La ausencia de Ruth reforzó mi adoración por los libros y mi alejamiento de las personas en general y de los chicos de mi edad en particular. Mi padre estaba preocupado porque creía que me iba a ahogar por estar siempre encerrado. Me sacaba al campo con la sana intención de que me oxigenara y cogiera un poco de color. Él siempre ha sido un gran aficionado a las caminatas por la montaña. Su gran reto era completar la lista de las cimas más altas de todas las provincias españolas. Creo que le quedan 22. Me gustaba contemplar todos aquellos paisajes que mi padre me enseñaba, pero me aburría con él. Me empezaba a hablar del canto de los pájaros y no me hacía ninguna gracia. Vistos los resultados, creo que mi padre me ponía como excusa para salir de casa y alejarse de mi madre. Ella es una gran mujer, pero ha heredado el carácter Zarcorta, y eso no es malo si no te enfrentas a ella. Mi madre decidía todo lo concerniente a la casa, la familia y mi educación. Mi padre decidía no llevarle la contraria porque cualquier objeción era aplastada sin contemplaciones. Ya entonces me di cuenta que algo no funcionaba bien entre ellos. Creo que de ahí surgió mi interés por el estudio de la psicología. Me moría por saber qué ocurría dentro de ellos; si podía ayudarles de alguna manera; o si era el causante de sus angustias. Cuando les anuncié que quería estudiar psicología me sorprendió que los dos lo aprobaran sin reservas. Era una buena señal.

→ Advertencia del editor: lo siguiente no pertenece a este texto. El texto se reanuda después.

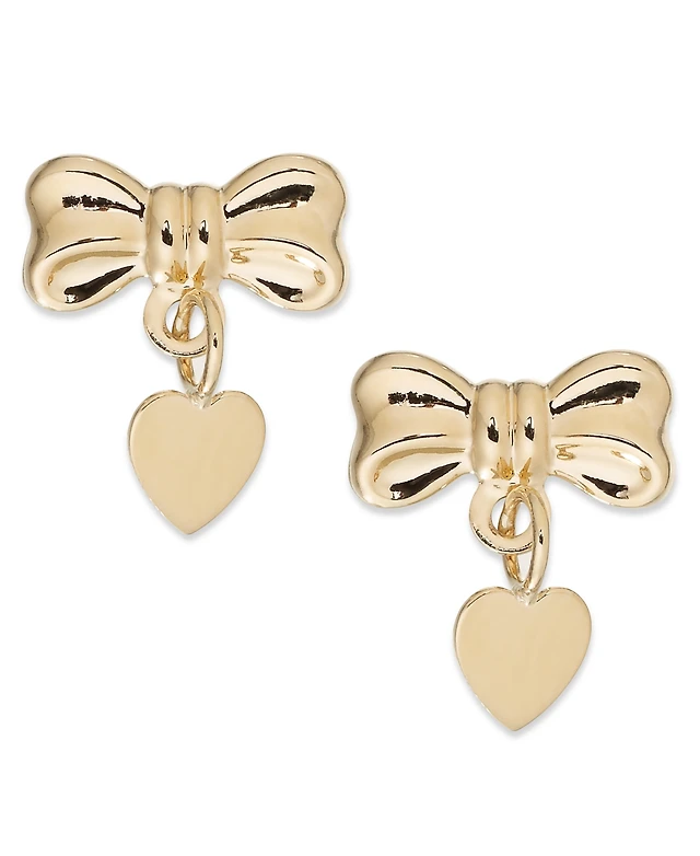 Bow and Heart Drop Earrings in 14k Gold

El abuelo Zarcorta, claro está, se sintió decepcionado porque no había conseguido despertar en mí la centenaria vocación zapatera. Yo obtuve una beca de estudios sin dificultad gracias a mis excelentes calificaciones en el instituto. La historia había sido mi fuerte.

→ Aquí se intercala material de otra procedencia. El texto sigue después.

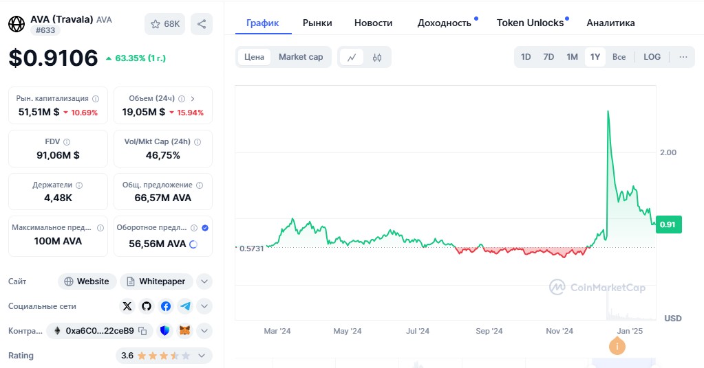 AVA – это токен сервиса для бронирования путешествий travala.com, где можно расплачиваться криптой. Компания внедряет ИИ-технологии в свою работу, оптимизирует ими поиск предложений и переводы.

Mi relación con los otros alumnos de la universidad no fue muy diferente a la del instituto. Aquí, si cabe, estaba más aislado de ellos porque la asistencia no era obligatoria. El primer día de clase hablaba con el profesor, le explicaba mi problema, y le pedía el programa de lecturas necesario para asimilar su asignatura. El tiempo de las clases me lo pasaba en la biblioteca de la facultad sumergido en Freud y Jung. Me sentía cómplice de todos aquellos grandes pensadores, tan solitarios y analíticos. Habían entregado su vida al estudio de la condición humana, y eso era lo que yo me proponía.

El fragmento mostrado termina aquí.